# Your assignment
Working from the entries below, count every line that includes the word "colors". Return the figure alone.

# Supplied data
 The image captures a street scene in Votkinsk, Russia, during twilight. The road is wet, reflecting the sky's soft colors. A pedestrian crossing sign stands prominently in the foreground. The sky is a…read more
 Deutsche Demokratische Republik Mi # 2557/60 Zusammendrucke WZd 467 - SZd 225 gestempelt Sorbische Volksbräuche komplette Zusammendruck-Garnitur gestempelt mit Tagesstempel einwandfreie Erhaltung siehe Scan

==

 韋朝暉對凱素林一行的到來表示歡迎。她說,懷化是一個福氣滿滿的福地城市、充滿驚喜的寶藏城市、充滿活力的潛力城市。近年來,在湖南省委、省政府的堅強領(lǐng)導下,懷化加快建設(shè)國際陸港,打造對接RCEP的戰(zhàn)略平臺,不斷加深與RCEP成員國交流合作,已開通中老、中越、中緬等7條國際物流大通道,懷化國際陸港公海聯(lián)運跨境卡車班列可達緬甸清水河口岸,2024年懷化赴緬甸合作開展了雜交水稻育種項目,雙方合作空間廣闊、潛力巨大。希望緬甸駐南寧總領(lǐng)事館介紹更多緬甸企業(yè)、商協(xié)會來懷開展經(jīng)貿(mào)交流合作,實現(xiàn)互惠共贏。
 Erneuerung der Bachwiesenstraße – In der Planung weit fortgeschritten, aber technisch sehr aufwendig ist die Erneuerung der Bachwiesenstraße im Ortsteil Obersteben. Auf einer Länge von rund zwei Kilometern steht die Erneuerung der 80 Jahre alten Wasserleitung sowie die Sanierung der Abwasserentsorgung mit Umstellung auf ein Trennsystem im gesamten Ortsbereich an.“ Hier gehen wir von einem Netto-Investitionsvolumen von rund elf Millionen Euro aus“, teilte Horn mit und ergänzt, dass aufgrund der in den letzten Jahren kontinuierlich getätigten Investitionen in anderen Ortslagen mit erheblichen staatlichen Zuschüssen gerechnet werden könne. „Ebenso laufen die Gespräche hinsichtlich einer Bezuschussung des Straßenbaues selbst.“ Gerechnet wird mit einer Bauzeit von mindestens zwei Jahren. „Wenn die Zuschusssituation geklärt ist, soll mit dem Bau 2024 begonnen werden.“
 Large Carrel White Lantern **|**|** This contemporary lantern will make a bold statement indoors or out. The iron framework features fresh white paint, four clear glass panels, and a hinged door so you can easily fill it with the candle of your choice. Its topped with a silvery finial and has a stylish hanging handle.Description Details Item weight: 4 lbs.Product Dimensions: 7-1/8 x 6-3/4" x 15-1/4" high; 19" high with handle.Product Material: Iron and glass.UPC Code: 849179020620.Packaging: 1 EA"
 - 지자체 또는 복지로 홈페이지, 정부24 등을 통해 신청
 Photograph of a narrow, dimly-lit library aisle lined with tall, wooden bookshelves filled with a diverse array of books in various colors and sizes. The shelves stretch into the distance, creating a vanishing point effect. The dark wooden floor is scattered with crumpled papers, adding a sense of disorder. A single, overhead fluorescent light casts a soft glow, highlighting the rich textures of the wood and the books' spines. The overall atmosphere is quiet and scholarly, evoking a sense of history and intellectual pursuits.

--

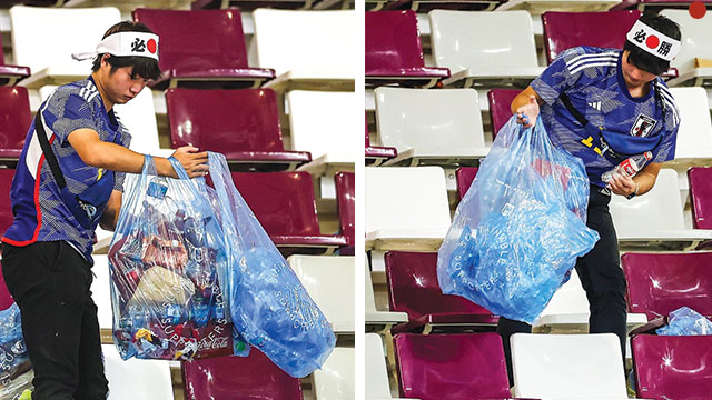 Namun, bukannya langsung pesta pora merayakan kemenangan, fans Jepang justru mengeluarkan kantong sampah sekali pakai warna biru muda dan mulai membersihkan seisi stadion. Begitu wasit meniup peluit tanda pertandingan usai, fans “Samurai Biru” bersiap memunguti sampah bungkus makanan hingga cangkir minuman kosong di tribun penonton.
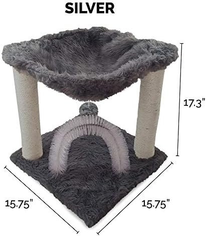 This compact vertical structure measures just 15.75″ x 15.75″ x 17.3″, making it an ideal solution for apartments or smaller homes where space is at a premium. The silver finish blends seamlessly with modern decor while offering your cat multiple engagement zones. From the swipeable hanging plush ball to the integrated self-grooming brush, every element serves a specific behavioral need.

# Solution
2